Work instructions:
Please return the full listing word for word, leaving out any pictures.

The records:
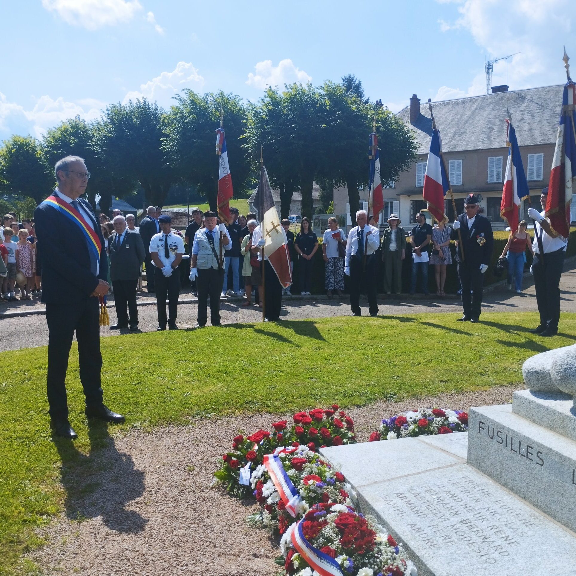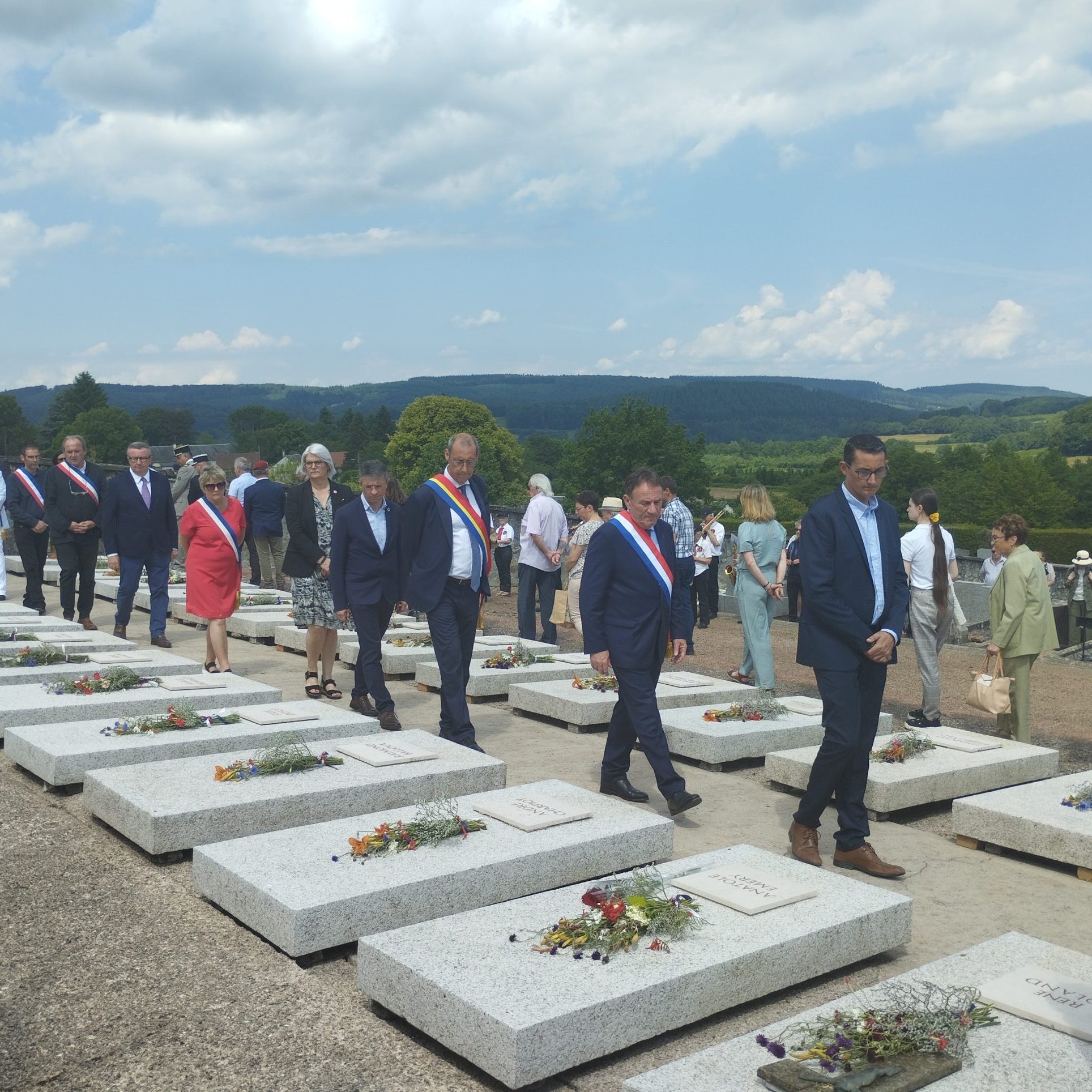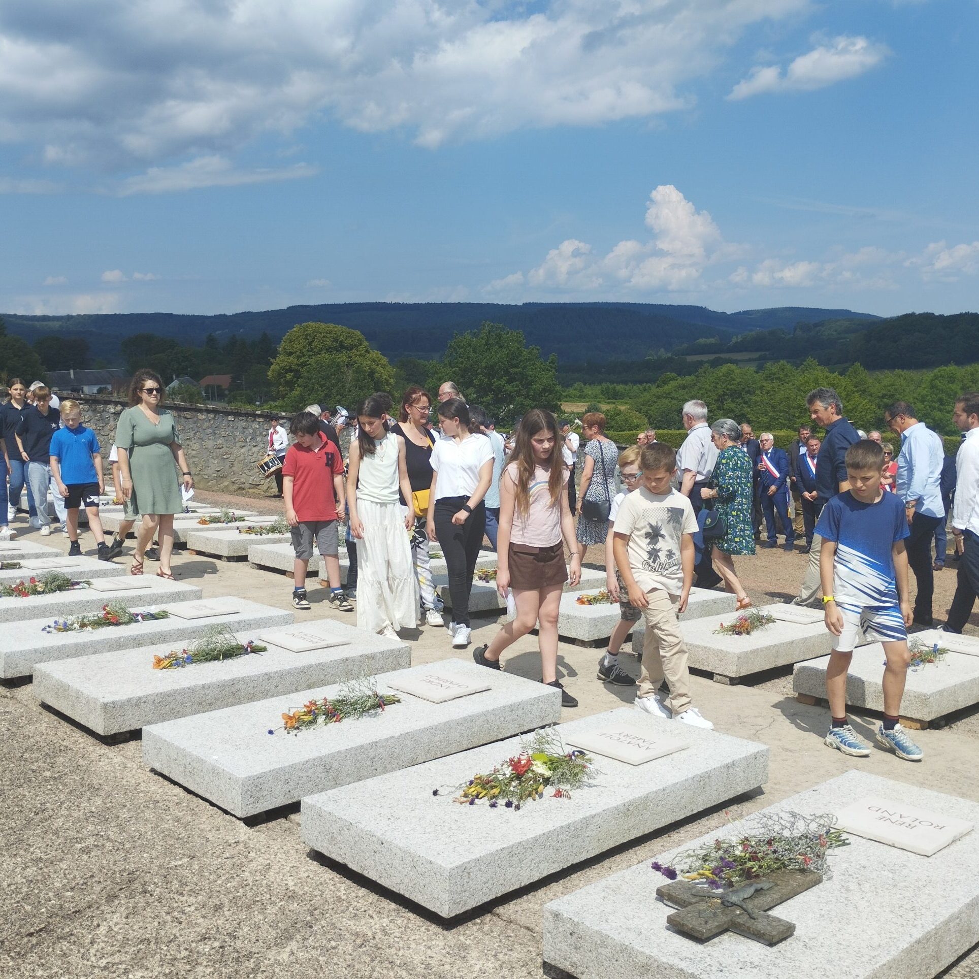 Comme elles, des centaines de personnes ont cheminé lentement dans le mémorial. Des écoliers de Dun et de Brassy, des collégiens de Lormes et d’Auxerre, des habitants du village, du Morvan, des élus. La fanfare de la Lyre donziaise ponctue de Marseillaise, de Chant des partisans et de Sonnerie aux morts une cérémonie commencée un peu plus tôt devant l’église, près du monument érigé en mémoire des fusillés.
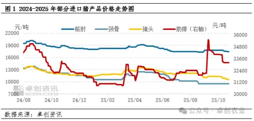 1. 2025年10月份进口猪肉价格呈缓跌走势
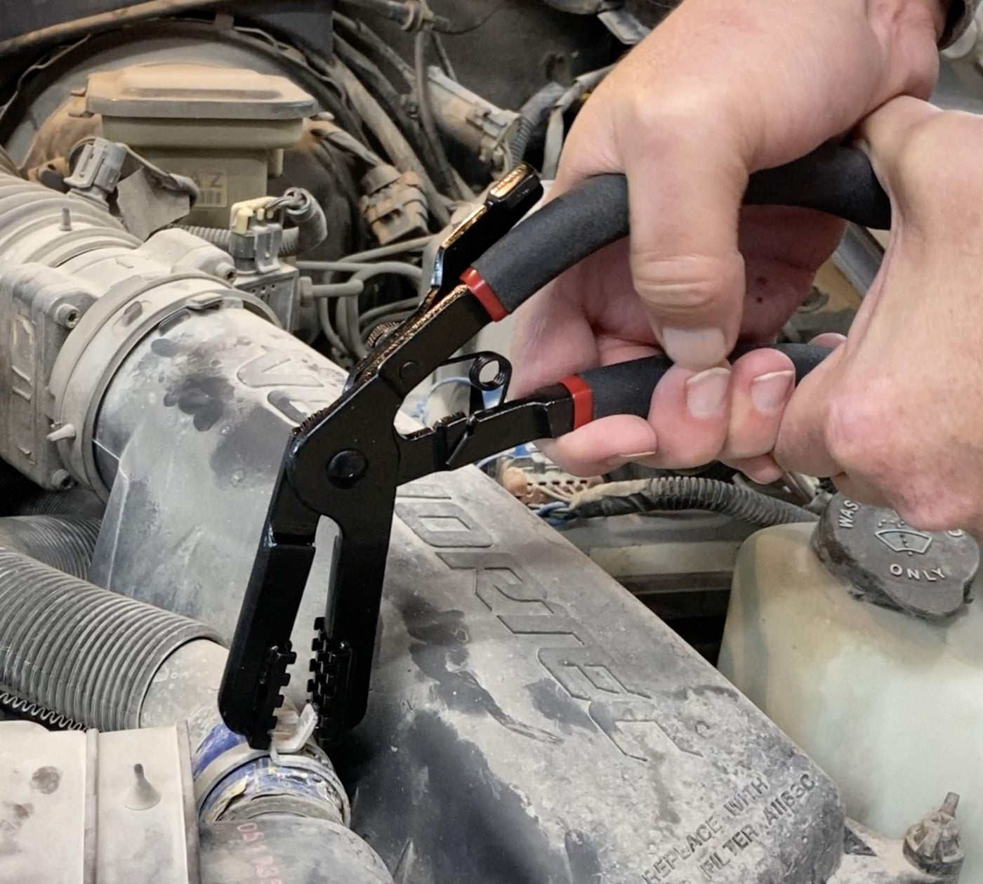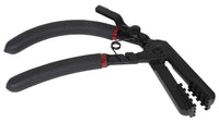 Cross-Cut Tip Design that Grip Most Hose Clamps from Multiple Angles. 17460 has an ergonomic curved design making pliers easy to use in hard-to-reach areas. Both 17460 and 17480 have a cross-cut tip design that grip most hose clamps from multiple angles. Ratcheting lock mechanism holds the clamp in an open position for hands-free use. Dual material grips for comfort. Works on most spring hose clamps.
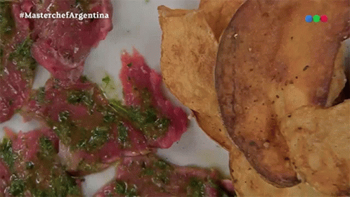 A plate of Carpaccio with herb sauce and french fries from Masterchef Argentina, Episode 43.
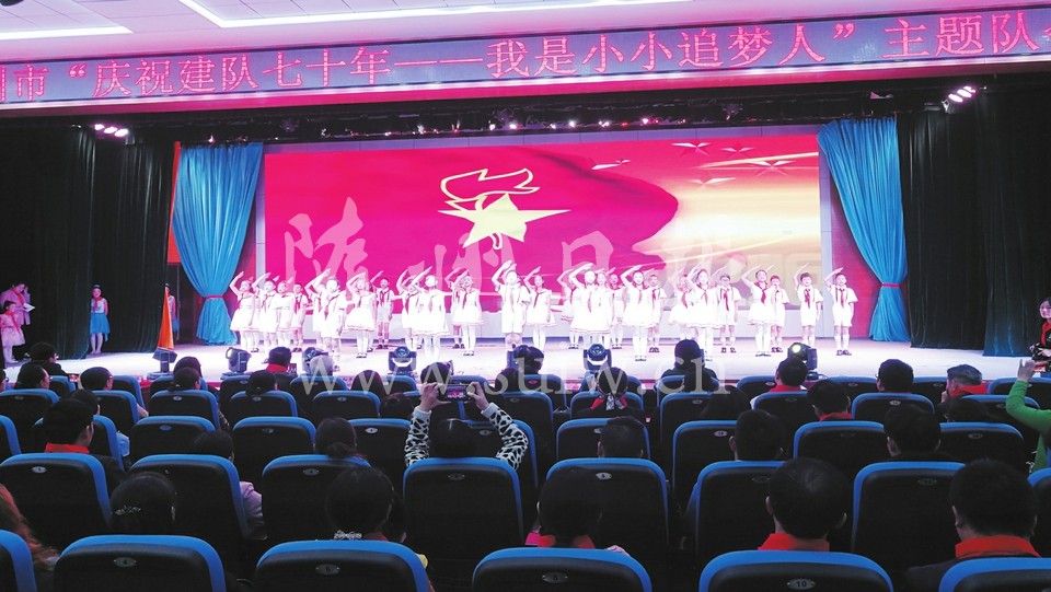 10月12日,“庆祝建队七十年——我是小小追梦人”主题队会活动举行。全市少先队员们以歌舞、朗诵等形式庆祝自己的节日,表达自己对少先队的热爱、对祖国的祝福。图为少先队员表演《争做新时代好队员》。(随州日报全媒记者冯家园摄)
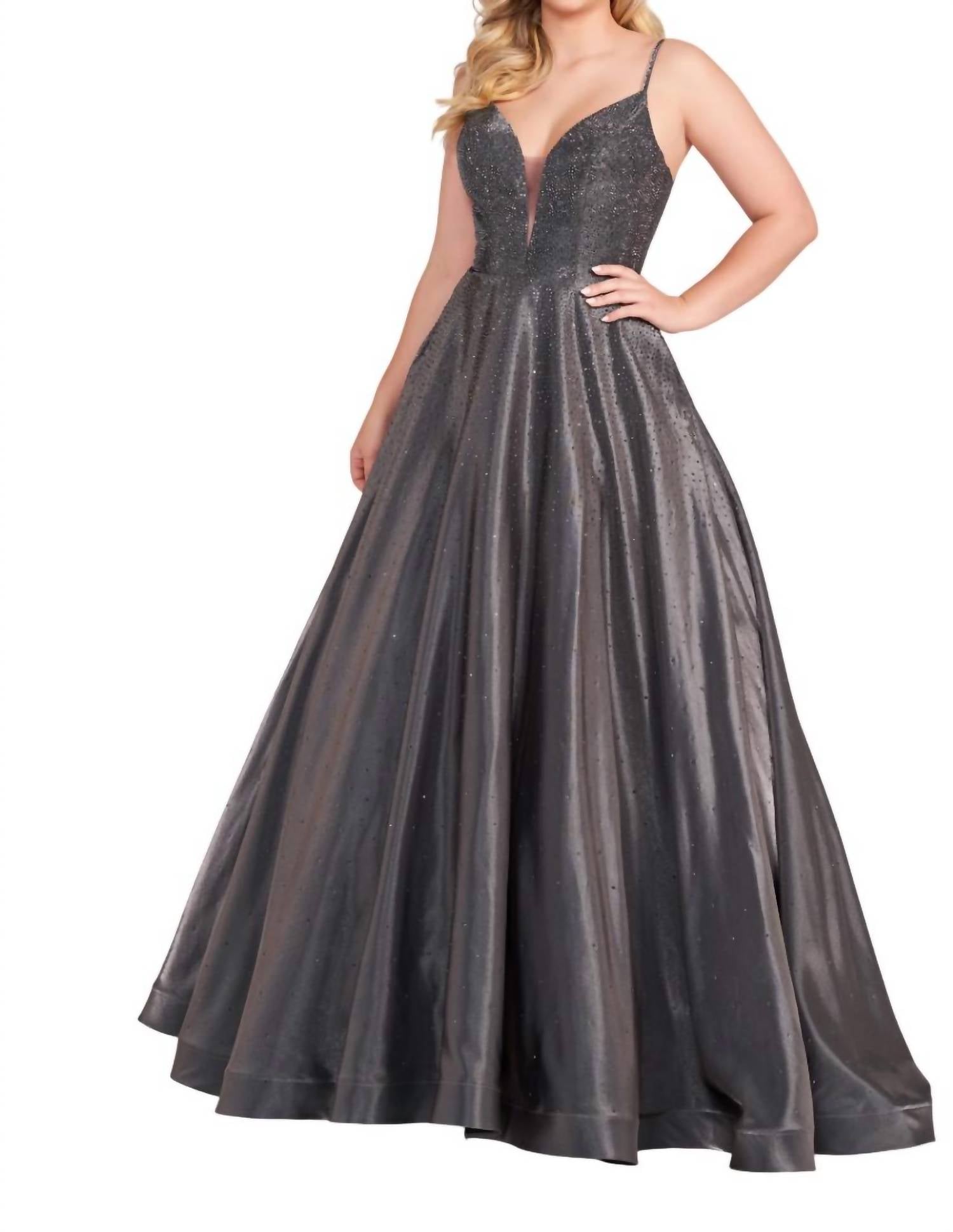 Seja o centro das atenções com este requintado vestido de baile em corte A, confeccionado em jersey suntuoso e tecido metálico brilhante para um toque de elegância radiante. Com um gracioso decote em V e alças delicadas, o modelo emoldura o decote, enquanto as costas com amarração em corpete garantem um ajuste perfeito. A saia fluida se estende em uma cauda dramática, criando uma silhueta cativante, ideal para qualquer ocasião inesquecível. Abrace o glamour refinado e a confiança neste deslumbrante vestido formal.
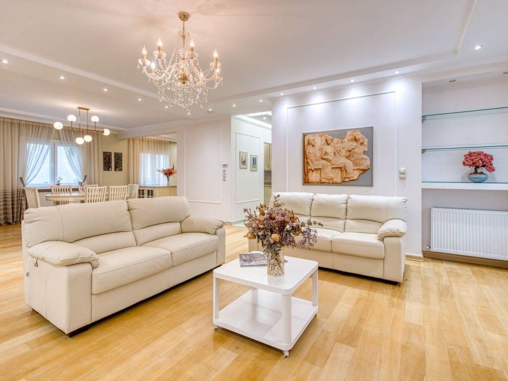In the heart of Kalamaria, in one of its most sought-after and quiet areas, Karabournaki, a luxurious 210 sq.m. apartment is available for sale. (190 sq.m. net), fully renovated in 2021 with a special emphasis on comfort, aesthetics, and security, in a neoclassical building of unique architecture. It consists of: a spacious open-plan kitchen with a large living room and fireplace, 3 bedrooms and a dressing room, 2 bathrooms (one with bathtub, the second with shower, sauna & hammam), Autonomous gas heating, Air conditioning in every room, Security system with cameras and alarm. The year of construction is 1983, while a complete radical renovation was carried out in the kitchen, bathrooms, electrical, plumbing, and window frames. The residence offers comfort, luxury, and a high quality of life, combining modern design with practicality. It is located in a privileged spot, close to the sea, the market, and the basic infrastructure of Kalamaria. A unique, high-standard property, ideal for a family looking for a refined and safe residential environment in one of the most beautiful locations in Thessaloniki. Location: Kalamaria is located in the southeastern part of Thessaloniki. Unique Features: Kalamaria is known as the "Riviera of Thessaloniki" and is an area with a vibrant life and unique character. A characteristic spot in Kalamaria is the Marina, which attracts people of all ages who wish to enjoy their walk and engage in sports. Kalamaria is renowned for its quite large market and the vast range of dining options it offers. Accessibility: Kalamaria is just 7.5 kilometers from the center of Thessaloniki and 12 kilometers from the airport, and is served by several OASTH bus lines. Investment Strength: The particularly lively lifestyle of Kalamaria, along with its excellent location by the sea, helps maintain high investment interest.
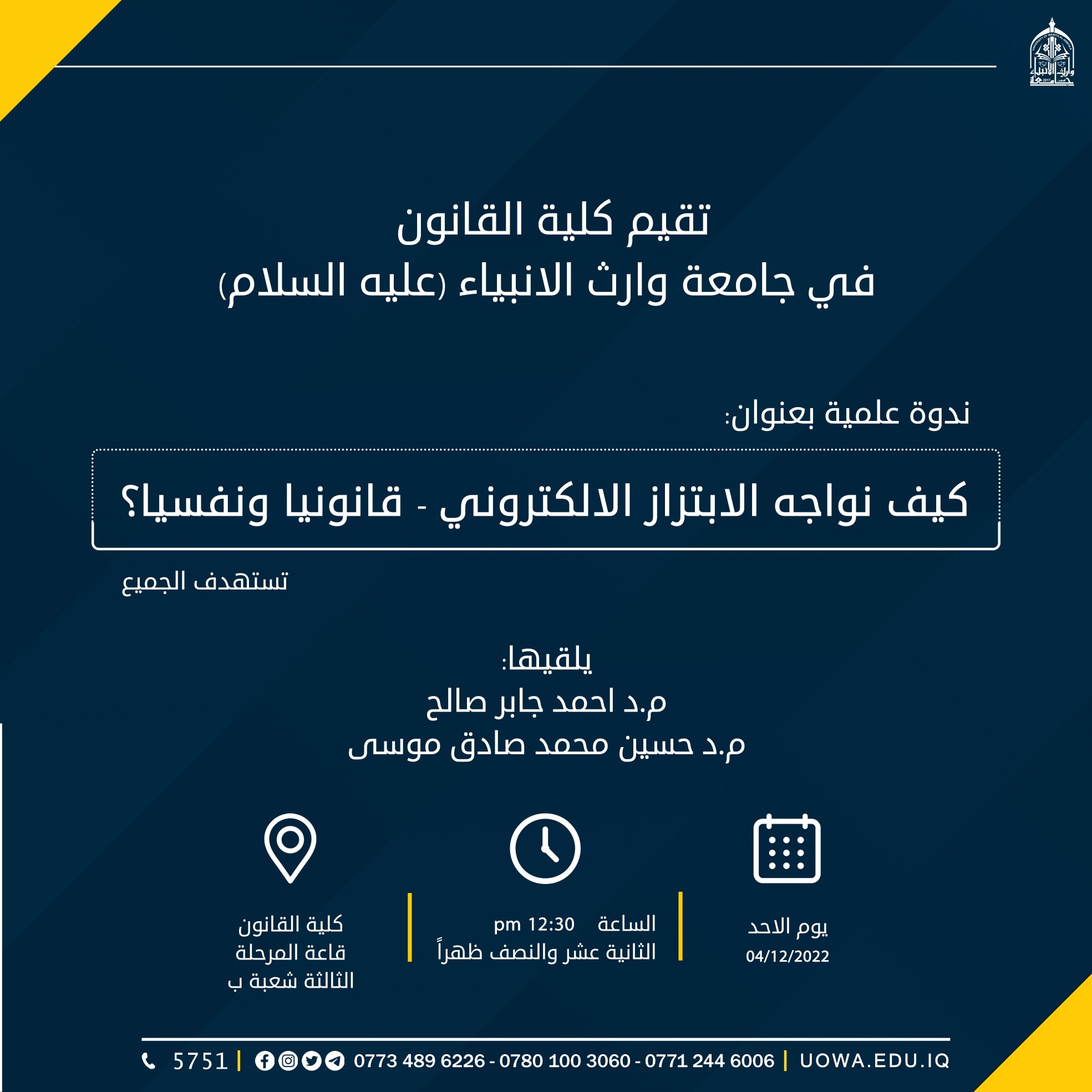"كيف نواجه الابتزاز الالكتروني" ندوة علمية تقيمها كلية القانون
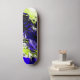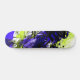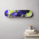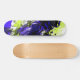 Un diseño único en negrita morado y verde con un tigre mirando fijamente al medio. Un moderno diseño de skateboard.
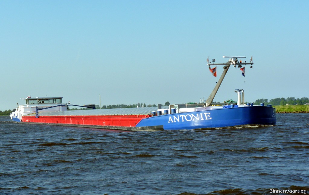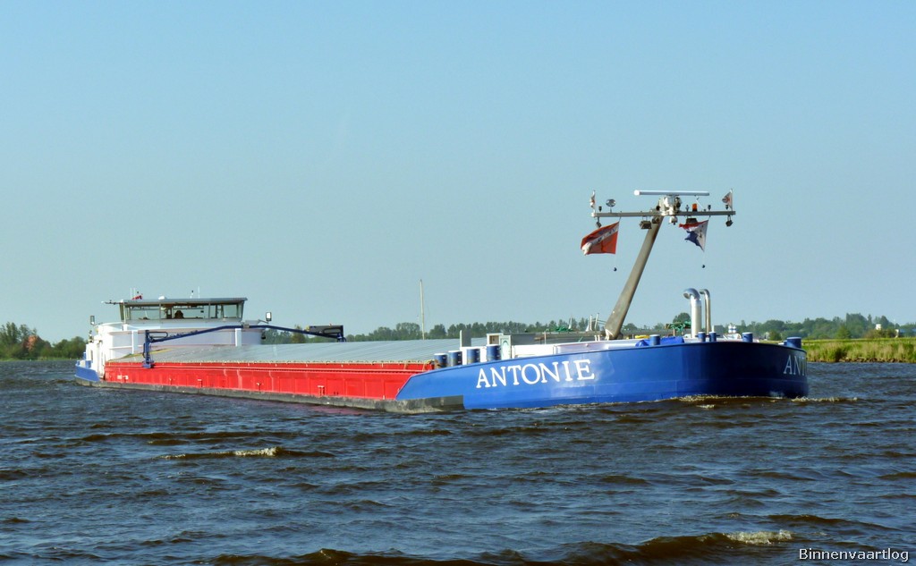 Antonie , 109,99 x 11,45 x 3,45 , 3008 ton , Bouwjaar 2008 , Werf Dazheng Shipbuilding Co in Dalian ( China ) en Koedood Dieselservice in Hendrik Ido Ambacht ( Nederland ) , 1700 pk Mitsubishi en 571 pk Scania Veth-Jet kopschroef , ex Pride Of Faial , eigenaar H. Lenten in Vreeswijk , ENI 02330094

Written response:
 Comme elles, des centaines de personnes ont cheminé lentement dans le mémorial. Des écoliers de Dun et de Brassy, des collégiens de Lormes et d’Auxerre, des habitants du village, du Morvan, des élus. La fanfare de la Lyre donziaise ponctue de Marseillaise, de Chant des partisans et de Sonnerie aux morts une cérémonie commencée un peu plus tôt devant l’église, près du monument érigé en mémoire des fusillés.
 1. 2025年10月份进口猪肉价格呈缓跌走势
 Cross-Cut Tip Design that Grip Most Hose Clamps from Multiple Angles. 17460 has an ergonomic curved design making pliers easy to use in hard-to-reach areas. Both 17460 and 17480 have a cross-cut tip design that grip most hose clamps from multiple angles. Ratcheting lock mechanism holds the clamp in an open position for hands-free use. Dual material grips for comfort. Works on most spring hose clamps.
 A plate of Carpaccio with herb sauce and french fries from Masterchef Argentina, Episode 43.
 10月12日,“庆祝建队七十年——我是小小追梦人”主题队会活动举行。全市少先队员们以歌舞、朗诵等形式庆祝自己的节日,表达自己对少先队的热爱、对祖国的祝福。图为少先队员表演《争做新时代好队员》。(随州日报全媒记者冯家园摄)
 Seja o centro das atenções com este requintado vestido de baile em corte A, confeccionado em jersey suntuoso e tecido metálico brilhante para um toque de elegância radiante. Com um gracioso decote em V e alças delicadas, o modelo emoldura o decote, enquanto as costas com amarração em corpete garantem um ajuste perfeito. A saia fluida se estende em uma cauda dramática, criando uma silhueta cativante, ideal para qualquer ocasião inesquecível. Abrace o glamour refinado e a confiança neste deslumbrante vestido formal.
In the heart of Kalamaria, in one of its most sought-after and quiet areas, Karabournaki, a luxurious 210 sq.m. apartment is available for sale. (190 sq.m. net), fully renovated in 2021 with a special emphasis on comfort, aesthetics, and security, in a neoclassical building of unique architecture. It consists of: a spacious open-plan kitchen with a large living room and fireplace, 3 bedrooms and a dressing room, 2 bathrooms (one with bathtub, the second with shower, sauna & hammam), Autonomous gas heating, Air conditioning in every room, Security system with cameras and alarm. The year of construction is 1983, while a complete radical renovation was carried out in the kitchen, bathrooms, electrical, plumbing, and window frames. The residence offers comfort, luxury, and a high quality of life, combining modern design with practicality. It is located in a privileged spot, close to the sea, the market, and the basic infrastructure of Kalamaria. A unique, high-standard property, ideal for a family looking for a refined and safe residential environment in one of the most beautiful locations in Thessaloniki. Location: Kalamaria is located in the southeastern part of Thessaloniki. Unique Features: Kalamaria is known as the "Riviera of Thessaloniki" and is an area with a vibrant life and unique character. A characteristic spot in Kalamaria is the Marina, which attracts people of all ages who wish to enjoy their walk and engage in sports. Kalamaria is renowned for its quite large market and the vast range of dining options it offers. Accessibility: Kalamaria is just 7.5 kilometers from the center of Thessaloniki and 12 kilometers from the airport, and is served by several OASTH bus lines. Investment Strength: The particularly lively lifestyle of Kalamaria, along with its excellent location by the sea, helps maintain high investment interest.
"كيف نواجه الابتزاز الالكتروني" ندوة علمية تقيمها كلية القانون
 Un diseño único en negrita morado y verde con un tigre mirando fijamente al medio. Un moderno diseño de skateboard.
 Antonie , 109,99 x 11,45 x 3,45 , 3008 ton , Bouwjaar 2008 , Werf Dazheng Shipbuilding Co in Dalian ( China ) en Koedood Dieselservice in Hendrik Ido Ambacht ( Nederland ) , 1700 pk Mitsubishi en 571 pk Scania Veth-Jet kopschroef , ex Pride Of Faial , eigenaar H. Lenten in Vreeswijk , ENI 02330094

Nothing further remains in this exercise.